## Problem details
Output the entries below exactly, from the first line to the line holding "Женщина, работающая на ноутбуке дома", both included.
+ + + +
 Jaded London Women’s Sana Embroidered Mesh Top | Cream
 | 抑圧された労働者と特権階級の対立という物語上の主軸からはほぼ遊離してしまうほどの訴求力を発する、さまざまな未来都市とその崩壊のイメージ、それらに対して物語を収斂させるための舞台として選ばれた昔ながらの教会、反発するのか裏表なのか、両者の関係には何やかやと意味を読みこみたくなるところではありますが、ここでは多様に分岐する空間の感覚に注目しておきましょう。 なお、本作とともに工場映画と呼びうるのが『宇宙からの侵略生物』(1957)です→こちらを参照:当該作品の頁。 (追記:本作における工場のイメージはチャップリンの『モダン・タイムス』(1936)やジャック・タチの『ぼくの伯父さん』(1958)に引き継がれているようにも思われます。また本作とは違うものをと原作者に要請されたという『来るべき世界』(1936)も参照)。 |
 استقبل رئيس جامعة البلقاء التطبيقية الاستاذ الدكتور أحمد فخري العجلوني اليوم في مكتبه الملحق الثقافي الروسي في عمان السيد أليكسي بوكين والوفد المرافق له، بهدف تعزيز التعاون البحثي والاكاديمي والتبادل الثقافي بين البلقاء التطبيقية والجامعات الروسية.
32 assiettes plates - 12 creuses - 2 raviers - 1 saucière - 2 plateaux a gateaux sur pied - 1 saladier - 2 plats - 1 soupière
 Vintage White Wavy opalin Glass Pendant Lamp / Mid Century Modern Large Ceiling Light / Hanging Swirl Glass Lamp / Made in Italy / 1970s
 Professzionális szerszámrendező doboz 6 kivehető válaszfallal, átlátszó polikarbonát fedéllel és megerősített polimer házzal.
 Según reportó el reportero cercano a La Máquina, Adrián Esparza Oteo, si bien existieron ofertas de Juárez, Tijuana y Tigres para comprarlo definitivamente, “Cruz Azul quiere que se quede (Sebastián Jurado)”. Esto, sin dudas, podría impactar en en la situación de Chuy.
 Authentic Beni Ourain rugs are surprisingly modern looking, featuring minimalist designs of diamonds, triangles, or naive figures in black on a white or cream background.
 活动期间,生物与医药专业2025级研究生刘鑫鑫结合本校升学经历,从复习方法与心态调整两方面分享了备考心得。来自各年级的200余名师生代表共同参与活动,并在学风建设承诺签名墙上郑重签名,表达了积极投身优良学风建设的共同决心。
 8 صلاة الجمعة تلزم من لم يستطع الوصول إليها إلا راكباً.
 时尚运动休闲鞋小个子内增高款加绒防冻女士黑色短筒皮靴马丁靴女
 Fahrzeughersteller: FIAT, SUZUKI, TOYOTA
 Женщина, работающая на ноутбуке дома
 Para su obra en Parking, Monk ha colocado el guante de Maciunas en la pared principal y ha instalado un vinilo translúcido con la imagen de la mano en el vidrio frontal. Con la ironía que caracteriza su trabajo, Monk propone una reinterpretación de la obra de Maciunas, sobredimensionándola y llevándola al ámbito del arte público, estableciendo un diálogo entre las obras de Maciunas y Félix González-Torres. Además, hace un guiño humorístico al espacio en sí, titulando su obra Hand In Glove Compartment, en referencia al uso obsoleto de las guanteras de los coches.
+ + + +
## Solution to the problem
 Jaded London Women’s Sana Embroidered Mesh Top | Cream
 | 抑圧された労働者と特権階級の対立という物語上の主軸からはほぼ遊離してしまうほどの訴求力を発する、さまざまな未来都市とその崩壊のイメージ、それらに対して物語を収斂させるための舞台として選ばれた昔ながらの教会、反発するのか裏表なのか、両者の関係には何やかやと意味を読みこみたくなるところではありますが、ここでは多様に分岐する空間の感覚に注目しておきましょう。 なお、本作とともに工場映画と呼びうるのが『宇宙からの侵略生物』(1957)です→こちらを参照:当該作品の頁。 (追記:本作における工場のイメージはチャップリンの『モダン・タイムス』(1936)やジャック・タチの『ぼくの伯父さん』(1958)に引き継がれているようにも思われます。また本作とは違うものをと原作者に要請されたという『来るべき世界』(1936)も参照)。 |
 استقبل رئيس جامعة البلقاء التطبيقية الاستاذ الدكتور أحمد فخري العجلوني اليوم في مكتبه الملحق الثقافي الروسي في عمان السيد أليكسي بوكين والوفد المرافق له، بهدف تعزيز التعاون البحثي والاكاديمي والتبادل الثقافي بين البلقاء التطبيقية والجامعات الروسية.
32 assiettes plates - 12 creuses - 2 raviers - 1 saucière - 2 plateaux a gateaux sur pied - 1 saladier - 2 plats - 1 soupière
 Vintage White Wavy opalin Glass Pendant Lamp / Mid Century Modern Large Ceiling Light / Hanging Swirl Glass Lamp / Made in Italy / 1970s
 Professzionális szerszámrendező doboz 6 kivehető válaszfallal, átlátszó polikarbonát fedéllel és megerősített polimer házzal.
 Según reportó el reportero cercano a La Máquina, Adrián Esparza Oteo, si bien existieron ofertas de Juárez, Tijuana y Tigres para comprarlo definitivamente, “Cruz Azul quiere que se quede (Sebastián Jurado)”. Esto, sin dudas, podría impactar en en la situación de Chuy.
 Authentic Beni Ourain rugs are surprisingly modern looking, featuring minimalist designs of diamonds, triangles, or naive figures in black on a white or cream background.
 活动期间,生物与医药专业2025级研究生刘鑫鑫结合本校升学经历,从复习方法与心态调整两方面分享了备考心得。来自各年级的200余名师生代表共同参与活动,并在学风建设承诺签名墙上郑重签名,表达了积极投身优良学风建设的共同决心。
 8 صلاة الجمعة تلزم من لم يستطع الوصول إليها إلا راكباً.
 时尚运动休闲鞋小个子内增高款加绒防冻女士黑色短筒皮靴马丁靴女
 Fahrzeughersteller: FIAT, SUZUKI, TOYOTA
 Женщина, работающая на ноутбуке дома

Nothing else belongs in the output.